Adapt and survive
THE CLAMOUR THAT GREETED the awarding of the Pritzker Prize — architecture’s Nobel — to the French practice Lacaton & Vassal in April this year was near universal throughout the architecture world. A rare thing indeed. Lacaton & Vassal represent that elusive thing in contemporary architecture, a combination of sheer talent and a strong sense of historical mission with the political implications that implies.
It is telling, however, that the practice probably didn’t win the prize for their new-build work, though it is certainly exceptional. The FRAC Nord-Pas de Calais in Dunkirk is a fabulous structure, based on the renovation of an old boat warehouse in the dock area. By building a copy of the first building to the same dimensions, the architects confer an eerie symbolism. Which is the ghost — the original or its simulacrum? The dead industry or the result of cultural regeneration? It is a profoundly poetic structure: part Arthur Koestler, part Rachel Whiteread.

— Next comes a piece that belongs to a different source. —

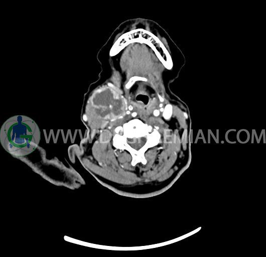 و نامنظم در نواحي محيطي مطرح کننده لنفادنوپاتي نکروزه بدون شواهدي از تهاجم به شريان هاي کاروتيد و

But most of the commentary from around the world focused on other projects; the transformation of three blocks of social housing in Bordeaux and another 1960s-built block in Paris. A new social mission for architecture appears to be coalescing around these buildings. “Their work provides a response to the climatic and ecological emergencies of the time, as well as to the social emergency, in particular in the field of housing,” ran the Pritzker jury citation. Lacaton & Vassal have created an “architecture as powerful in its form as in its convictions … as transparent in its aesthetics as in its ethics.”